• **What the task asks**
Starting at the line that contains "此《太乙金华宗旨》又名《吕祖", quote every line through the end of the entries, word for word, skipping the pictures.

• **Items listed in a dataset**
((

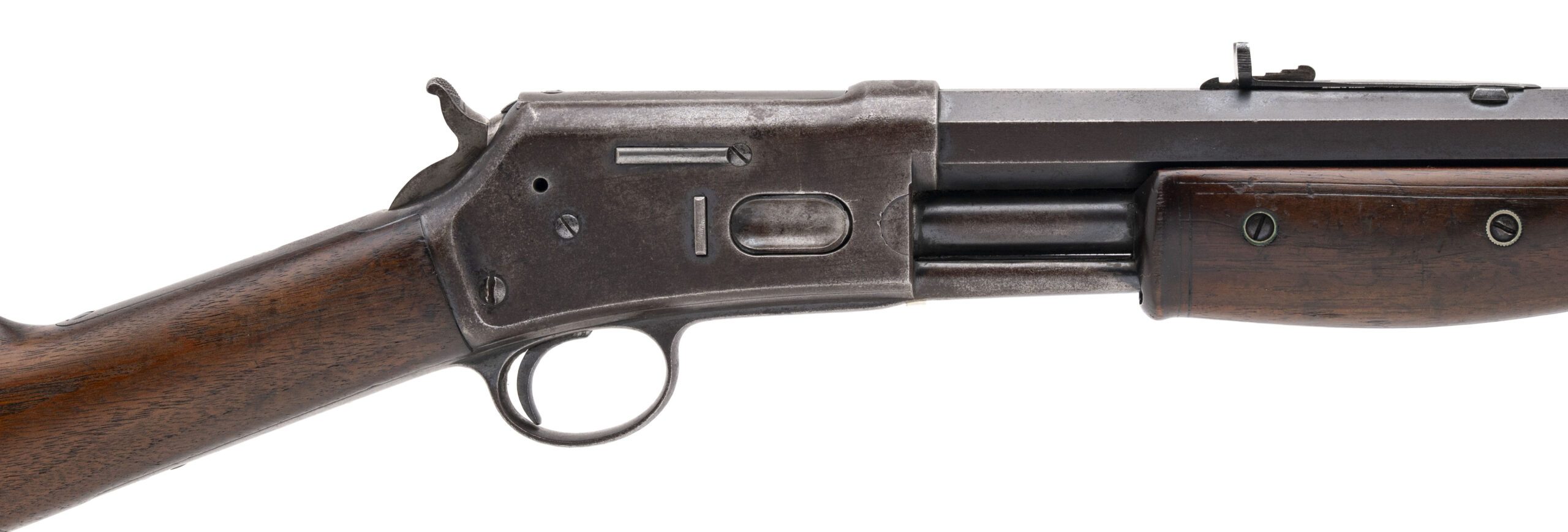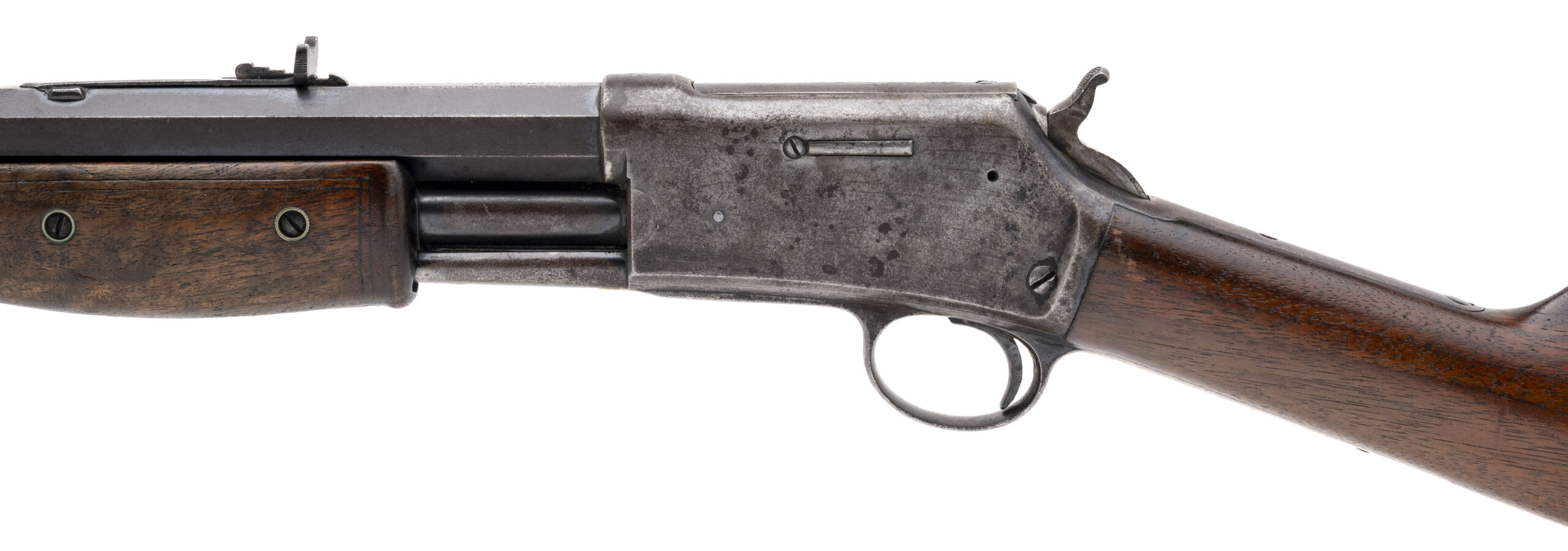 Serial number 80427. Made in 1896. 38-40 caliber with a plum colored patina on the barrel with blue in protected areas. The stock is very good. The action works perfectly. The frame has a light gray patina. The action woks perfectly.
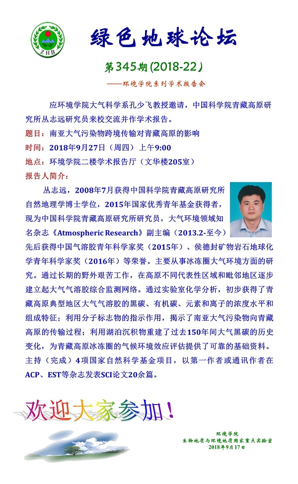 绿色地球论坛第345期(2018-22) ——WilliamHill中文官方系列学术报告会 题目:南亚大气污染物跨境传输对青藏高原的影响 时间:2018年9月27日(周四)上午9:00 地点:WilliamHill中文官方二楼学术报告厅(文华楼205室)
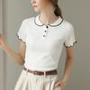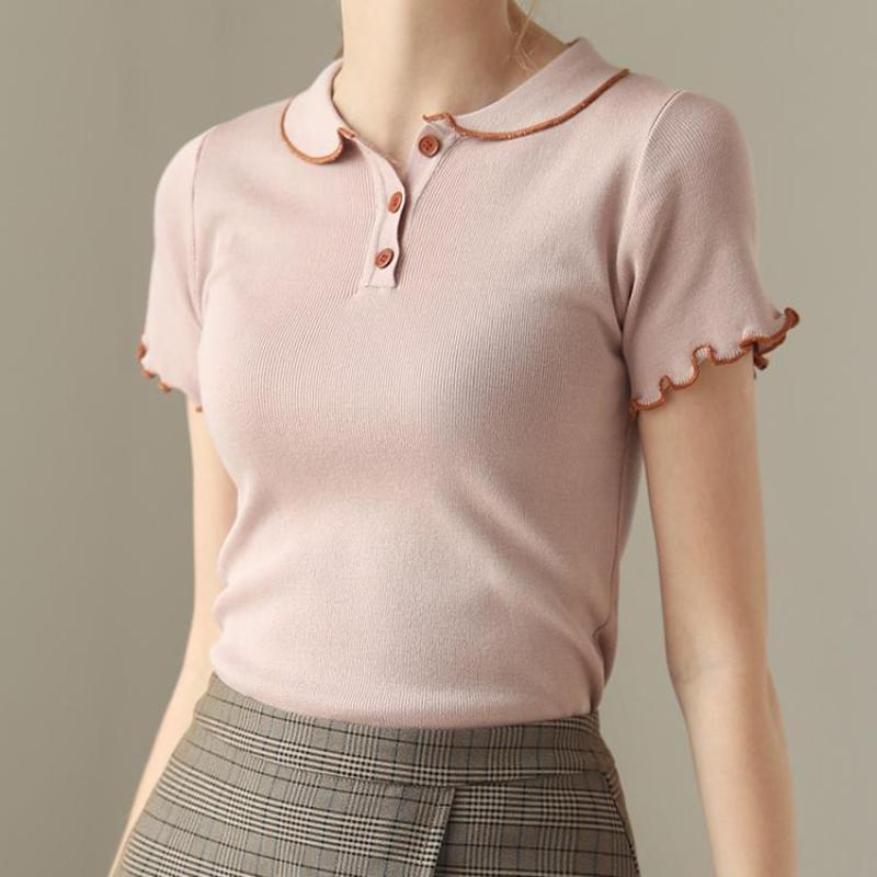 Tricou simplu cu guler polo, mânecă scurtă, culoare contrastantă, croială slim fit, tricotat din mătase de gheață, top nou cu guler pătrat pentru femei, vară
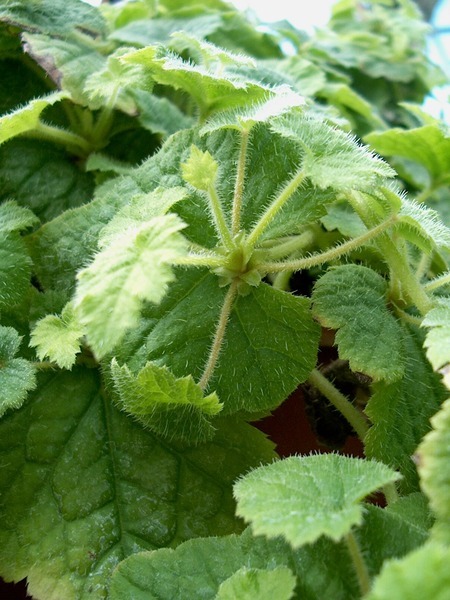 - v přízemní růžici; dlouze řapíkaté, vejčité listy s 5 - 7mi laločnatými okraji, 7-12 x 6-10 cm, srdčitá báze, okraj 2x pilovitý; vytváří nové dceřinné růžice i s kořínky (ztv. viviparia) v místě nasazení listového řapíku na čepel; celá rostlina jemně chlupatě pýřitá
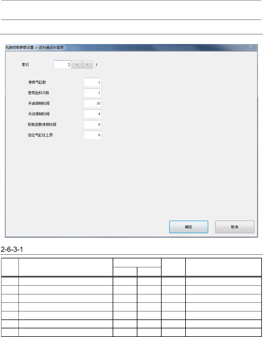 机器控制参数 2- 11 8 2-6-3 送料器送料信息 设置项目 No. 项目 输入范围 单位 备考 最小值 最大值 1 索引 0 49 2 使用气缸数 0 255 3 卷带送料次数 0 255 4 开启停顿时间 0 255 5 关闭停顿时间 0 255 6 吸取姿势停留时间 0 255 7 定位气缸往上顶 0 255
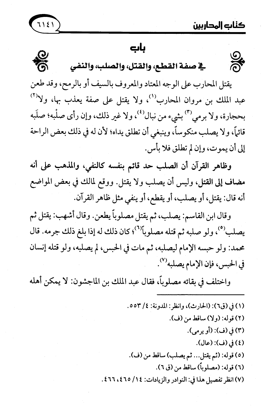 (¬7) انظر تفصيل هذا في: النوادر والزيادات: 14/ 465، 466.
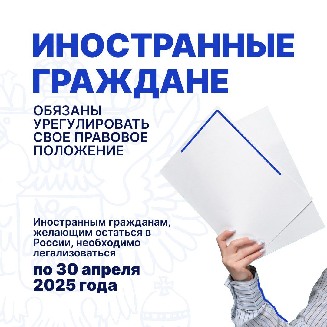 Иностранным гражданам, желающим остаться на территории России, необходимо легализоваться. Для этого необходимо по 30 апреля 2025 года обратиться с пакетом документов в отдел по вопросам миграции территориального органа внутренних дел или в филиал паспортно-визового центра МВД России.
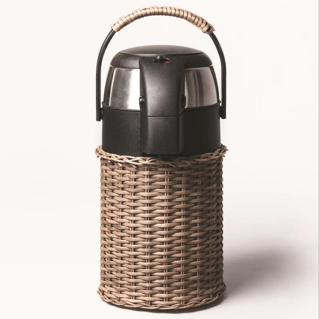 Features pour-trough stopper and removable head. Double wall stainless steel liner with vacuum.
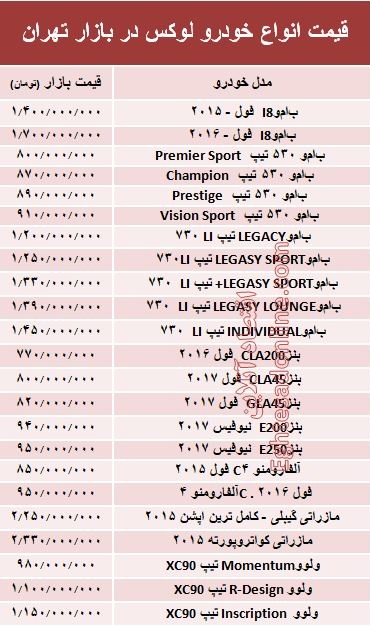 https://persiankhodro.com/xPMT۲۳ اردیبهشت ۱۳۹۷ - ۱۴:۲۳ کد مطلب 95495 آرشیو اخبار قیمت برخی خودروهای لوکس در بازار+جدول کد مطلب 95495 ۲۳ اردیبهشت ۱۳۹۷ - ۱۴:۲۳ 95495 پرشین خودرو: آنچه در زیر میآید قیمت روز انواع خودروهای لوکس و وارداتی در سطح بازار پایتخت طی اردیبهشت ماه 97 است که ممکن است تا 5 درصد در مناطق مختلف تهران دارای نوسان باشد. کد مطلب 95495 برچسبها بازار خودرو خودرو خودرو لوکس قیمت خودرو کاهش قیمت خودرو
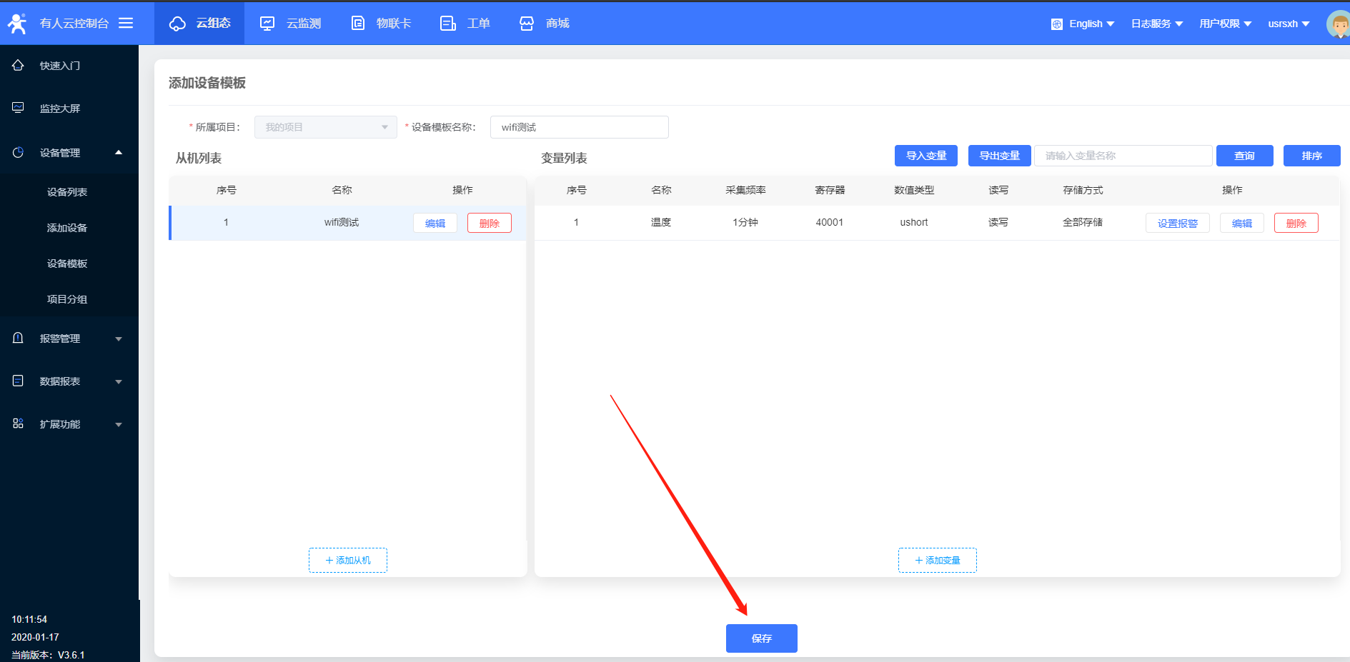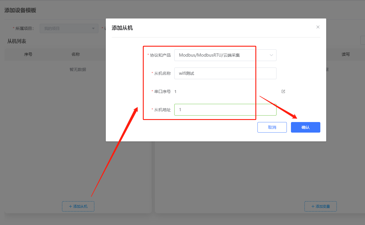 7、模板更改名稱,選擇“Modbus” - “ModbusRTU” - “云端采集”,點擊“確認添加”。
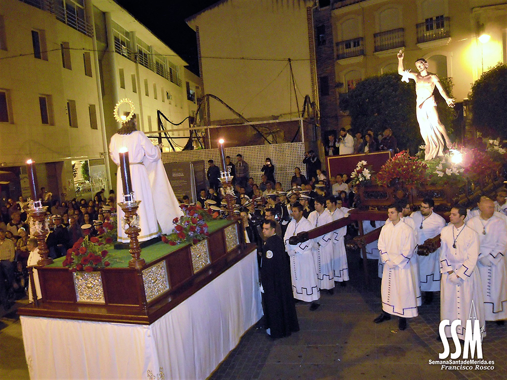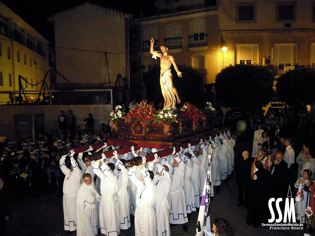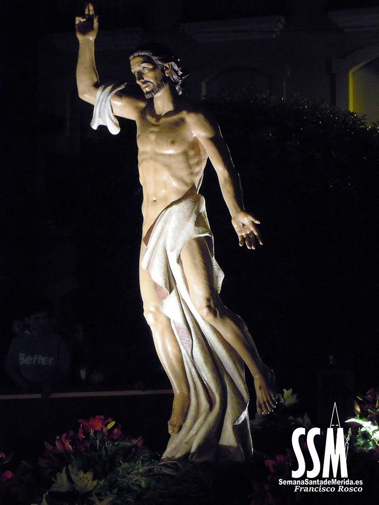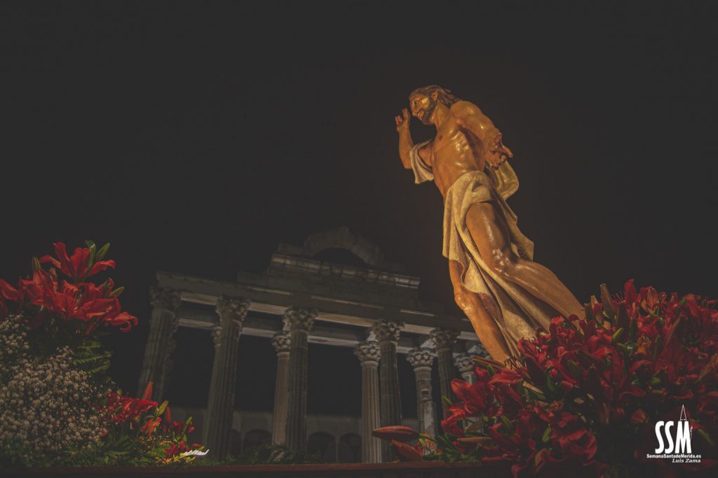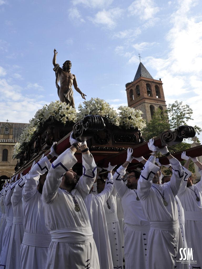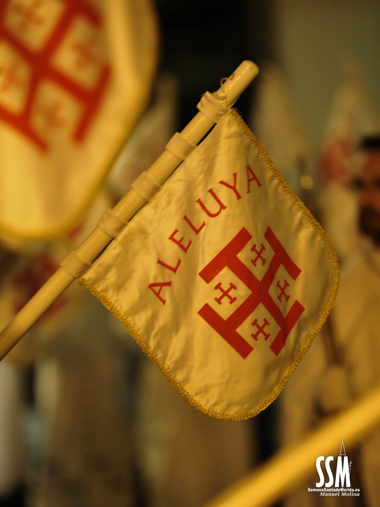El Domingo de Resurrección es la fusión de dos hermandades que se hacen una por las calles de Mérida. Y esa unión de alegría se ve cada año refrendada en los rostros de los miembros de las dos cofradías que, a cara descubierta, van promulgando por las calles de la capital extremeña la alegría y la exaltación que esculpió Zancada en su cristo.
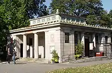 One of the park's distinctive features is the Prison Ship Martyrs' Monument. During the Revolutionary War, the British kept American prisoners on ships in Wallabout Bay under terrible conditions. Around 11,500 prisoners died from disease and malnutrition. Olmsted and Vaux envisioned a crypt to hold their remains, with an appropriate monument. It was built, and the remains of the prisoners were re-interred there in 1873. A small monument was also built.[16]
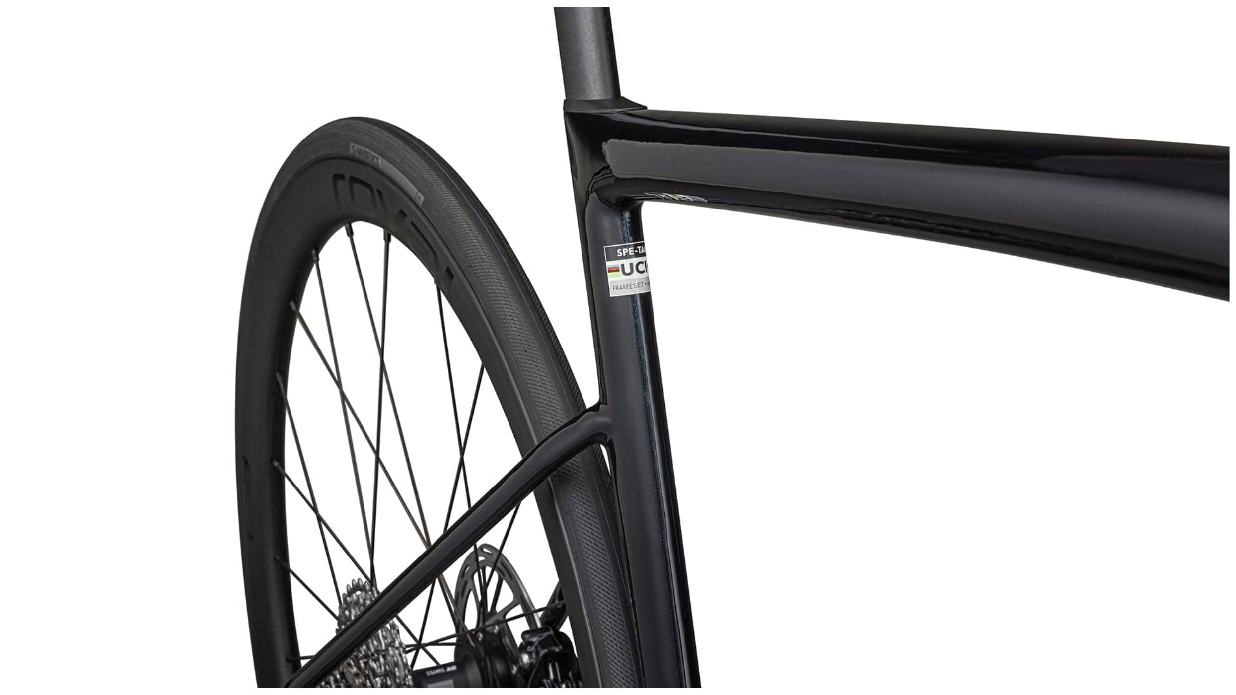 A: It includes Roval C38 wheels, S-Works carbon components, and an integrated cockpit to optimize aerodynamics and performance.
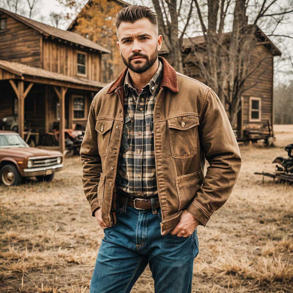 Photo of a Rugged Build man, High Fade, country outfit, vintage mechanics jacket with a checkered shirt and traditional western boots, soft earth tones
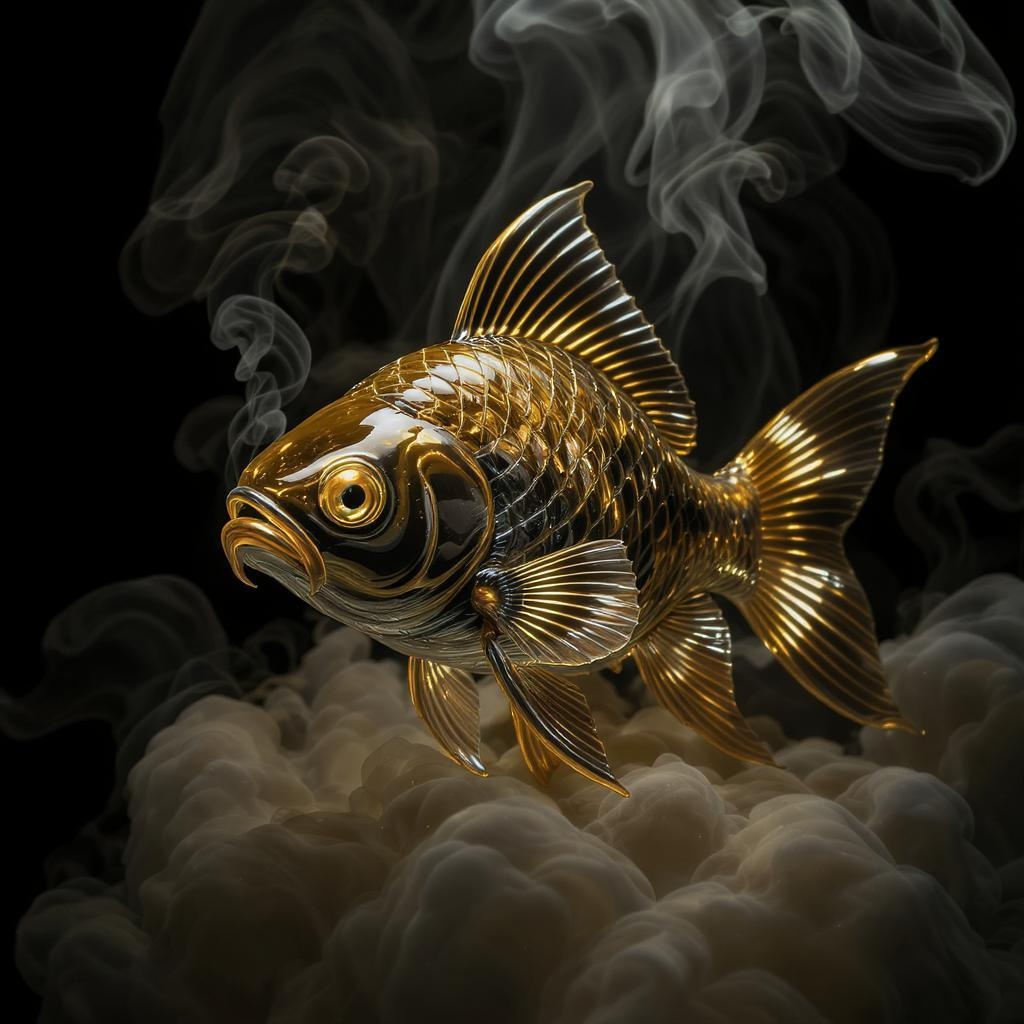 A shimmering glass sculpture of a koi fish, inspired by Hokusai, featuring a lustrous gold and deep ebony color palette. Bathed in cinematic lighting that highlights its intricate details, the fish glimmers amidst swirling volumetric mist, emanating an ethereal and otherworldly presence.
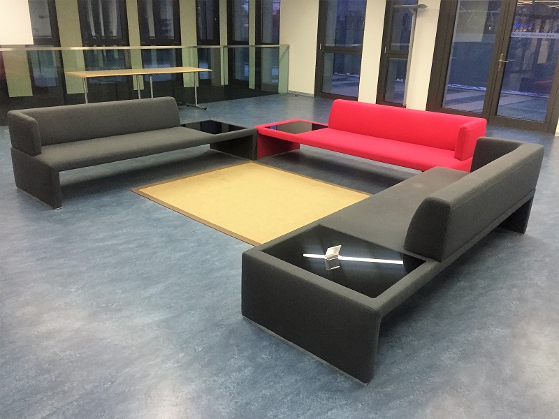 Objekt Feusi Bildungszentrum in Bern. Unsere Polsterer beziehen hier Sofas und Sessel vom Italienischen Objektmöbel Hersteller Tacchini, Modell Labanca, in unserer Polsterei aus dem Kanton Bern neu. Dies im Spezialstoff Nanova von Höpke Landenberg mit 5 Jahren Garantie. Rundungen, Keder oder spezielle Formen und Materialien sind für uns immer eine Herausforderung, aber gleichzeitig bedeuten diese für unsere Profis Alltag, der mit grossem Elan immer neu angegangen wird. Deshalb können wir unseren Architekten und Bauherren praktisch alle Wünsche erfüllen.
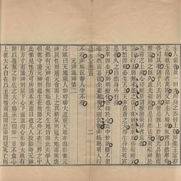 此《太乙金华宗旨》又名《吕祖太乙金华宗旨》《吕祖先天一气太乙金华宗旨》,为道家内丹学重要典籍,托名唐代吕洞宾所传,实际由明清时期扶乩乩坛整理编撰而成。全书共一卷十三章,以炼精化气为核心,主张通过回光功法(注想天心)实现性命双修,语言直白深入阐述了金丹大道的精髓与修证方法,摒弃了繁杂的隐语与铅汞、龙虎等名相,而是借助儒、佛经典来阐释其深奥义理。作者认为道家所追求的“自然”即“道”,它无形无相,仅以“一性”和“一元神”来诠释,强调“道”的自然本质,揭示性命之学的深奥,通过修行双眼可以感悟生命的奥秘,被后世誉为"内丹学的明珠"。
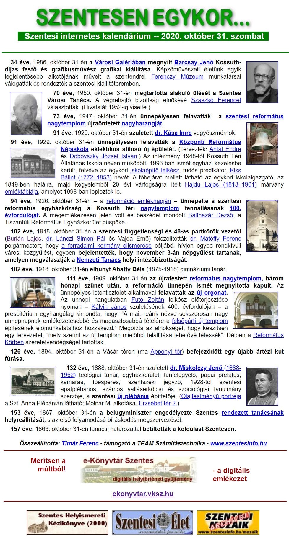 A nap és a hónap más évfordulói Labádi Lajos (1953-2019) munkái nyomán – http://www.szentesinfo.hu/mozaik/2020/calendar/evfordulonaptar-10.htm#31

))

• **Solution to this task**
 此《太乙金华宗旨》又名《吕祖太乙金华宗旨》《吕祖先天一气太乙金华宗旨》,为道家内丹学重要典籍,托名唐代吕洞宾所传,实际由明清时期扶乩乩坛整理编撰而成。全书共一卷十三章,以炼精化气为核心,主张通过回光功法(注想天心)实现性命双修,语言直白深入阐述了金丹大道的精髓与修证方法,摒弃了繁杂的隐语与铅汞、龙虎等名相,而是借助儒、佛经典来阐释其深奥义理。作者认为道家所追求的“自然”即“道”,它无形无相,仅以“一性”和“一元神”来诠释,强调“道”的自然本质,揭示性命之学的深奥,通过修行双眼可以感悟生命的奥秘,被后世誉为"内丹学的明珠"。
 A nap és a hónap más évfordulói Labádi Lajos (1953-2019) munkái nyomán – http://www.szentesinfo.hu/mozaik/2020/calendar/evfordulonaptar-10.htm#31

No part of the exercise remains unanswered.